黃昊尷尬地收回。只敢留給她一個電話號碼,但他知道,這個號碼蘇紫永遠也不會打的。
蘇紫沒有送黃昊去機場,她看着他上了出租車。她想,要是他在她在最落魄的時候出現,她會不會真的跟着他去了上海?即使不會,她又會不會真的收下那張卡?她不知道答案。
她漸漸感覺到了現實的殘酷。在現實面前,在走投無路的時候,所謂的清高、倔強都是沒有任何價值的,而所謂的感情都變得虛妄。她得慶幸,如果不是生活的痛壓迫着她朝前走,此刻的她還陷落在泥潭裡,做着一個隨時都可能破滅的美夢,如果不是在那些爲了房租、生計、工作愁得發苦的日子,她想她應該沒有快把傷口掩藏在現實的表象之下。她知道,自己還沒有好,她知道,有些東西一觸及還是會痛不欲生,但至少,她的視線始終注視着前方,再也沒有回頭看過一眼。
她覺得,原來自己還是幸運的。
黃昊在飛機起飛的那一刻,留戀地看了一眼這個蘇紫所在的城市。他知道,自己永遠也不會碰見她了。
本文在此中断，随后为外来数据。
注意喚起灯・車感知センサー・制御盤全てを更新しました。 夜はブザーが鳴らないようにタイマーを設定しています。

他在青年時期記憶最深刻的那段戀情在飛機騰空而起的那一瞬間,被他拋棄在了身後,被他掩埋在了記憶的最底層。
總有一天,這些刻骨銘心的記憶都會在歲月的摩挲中逐漸變成碎片,老去,陳舊,最後逝去,成灰。
或許若干年後,曾經的陽光少年,成爲一位中年男人,他有地位有事業,他得到了生來就被賦予的一切,他站在人生的最頂峰,或許身邊還有美眷犬子,他滿足地嘆了一口氣,在發出夫復何求的嘆息後,忽然覺得心有一塊是空的,他不知道這空虛的角落原本是裝着誰,只覺得一聲來自靈魂最深處的嘆息突然驚醒了他,曾經他癡癡追逐的那個身影最終只幻化成了午夜夢迴裡的某個單薄的背影,還來不及看到背影的主人,夢就醒了。
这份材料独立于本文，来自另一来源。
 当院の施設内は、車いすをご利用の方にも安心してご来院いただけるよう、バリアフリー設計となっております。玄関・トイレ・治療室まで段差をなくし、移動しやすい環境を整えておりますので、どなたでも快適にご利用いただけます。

或許,他還會在某一個女孩的臉上捕捉到一絲似曾相識的神情,或許還會在自己的妻子身上找到一些似曾相識的小習慣,但當他看到這些的時候,只是有一點恍惚,很快,他又清醒了,而當初他執着的一切,他默默追隨的一切,他委曲求全的一切,他變得不像自己的一切,他死纏難打,他痛徹心扉,他徹夜難眠,他走火入魔,他如瘋如癡的一切,都只是一個遙遠而模糊的夢境而已。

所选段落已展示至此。